Directory includes names and addresses, information on emigration, detention and deportation, and the place and time of deaths.

Yad Vashem 88 (photo credit: )
Yad Vashem 88
(photo credit: )
Yad Vashem will receive on Thursday an official list of the estimated 600,000 Jews who lived in Germany under Nazi rule. Four years in the making, the "Directory of Jewish Residents in Germany 1933-1945" includes German Jews' names and addresses, information on emigration, detention and deportation, and even the place and time of their deaths. The directory was produced by the official German Federal Archives by collating 2.5 million records from more than a thousand sources.
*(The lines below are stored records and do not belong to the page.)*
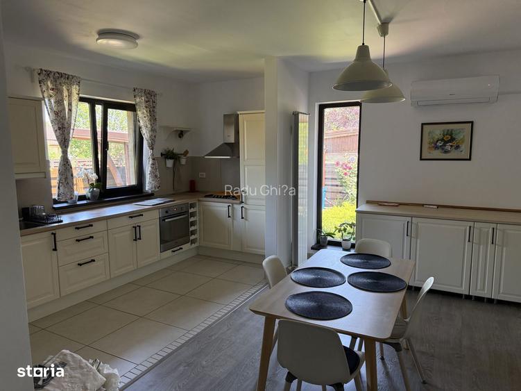 Aceasta casa individuala cu 5 camere are o suprafata utila de 110 mp si este gata sa te muti in ea. Teren 600mp. Construita in 2011, dispune de incalzire centrala pe gaz. In plus, beneficiaza de aer conditionat si are panouri solare - statut de Prosumator - inclusiv statie incarcare masina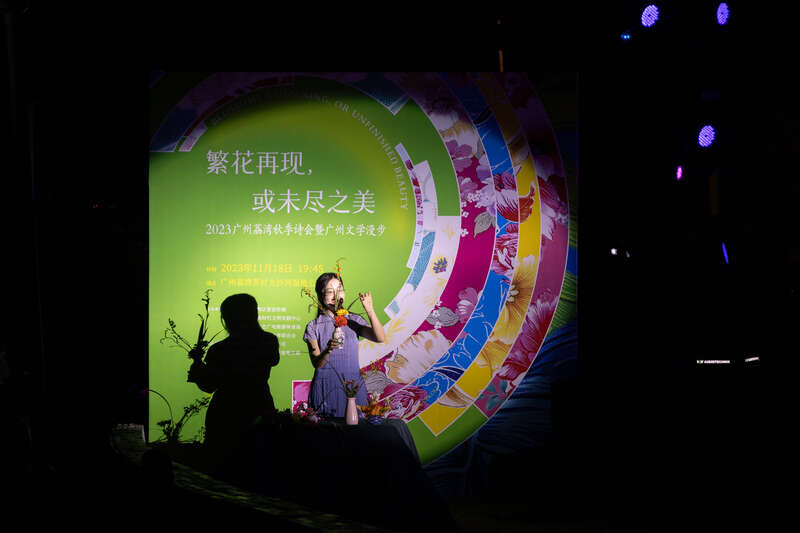 中国青年报客户端讯(中青报·中青网记者林洁)11月18日晚,一场以“花”为主题的视听动感诗会在广州市荔湾区大沙河湿地公园举行。主办方称,“繁花再现,或未尽之美:2023广州荔湾秋季诗会”处处体现“花”意,展现广州繁花浪漫的风景,传递了一种芬芳的精神力量。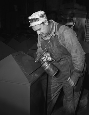 O. R. Howell, service man, is participating in a city wide announcement to keep the streets clean. He is shown painting a trash can olive green at a city garage. "Please help keep your city clean" will also be painted on the trash can. The receptacles will be placed on each corner of the twenty-four intersections on Main and Houston Streets. Mr. Howell is wearing a painter's cap, button-up shirt, and overalls. Published in the Fort Worth Star-Telegram morning edition, February 14, 1940.
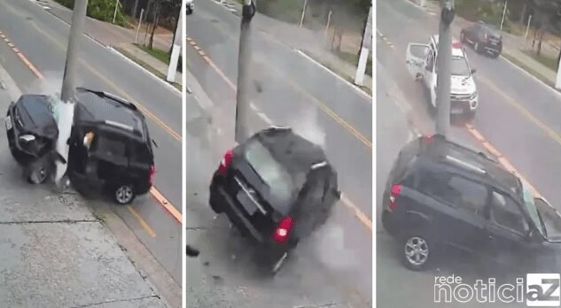As câmeras de segurança da região capturaram o exato momento em que o carro roubado chocou-se com o poste, ilustrando vividamente a intensidade da perseguição policial. A ocorrência mais uma vez destaca a importância do rápido acionamento das autoridades e ressalta os riscos associados a fugas após crimes.

Half the Jewish community in Germany had fled the country by 1939, but were overtaken by Nazi armies invading the European countries to which they had fled. Only 20,000 Jews lived in Germany by the war's end, many of them refugees in displaced persons camps. The project was funded by the Remembrance, Responsibility and Future Foundation, established in 2000 by the German government and industry to compensate forced laborers from the Nazi era. German Culture Minister Bernd Neumann and foundation chairman Dr. Martin Salm will present the list to Yad Vashem director Avner Shalev in the Holocaust memorial's Hall of Names. "This list is more than just a list of names or a residents' directory," said Salm. "It is a memorial to those murdered and those forced into exile. The shame for the crimes committed by the Germans is mixed with grief for the loss that Germany inflicted upon itself. "The murderers wanted to eradicate the Jewish people and Jewish identity. They did not succeed. The Yad Vashem memorial site calls out to us: 'Look - we are alive,'" he said. The list has not been released to the public because of German privacy laws. It will also be given to the US Holocaust Memorial Museum, the International Tracing Service in Bad Arolsen, and the Claims Conference.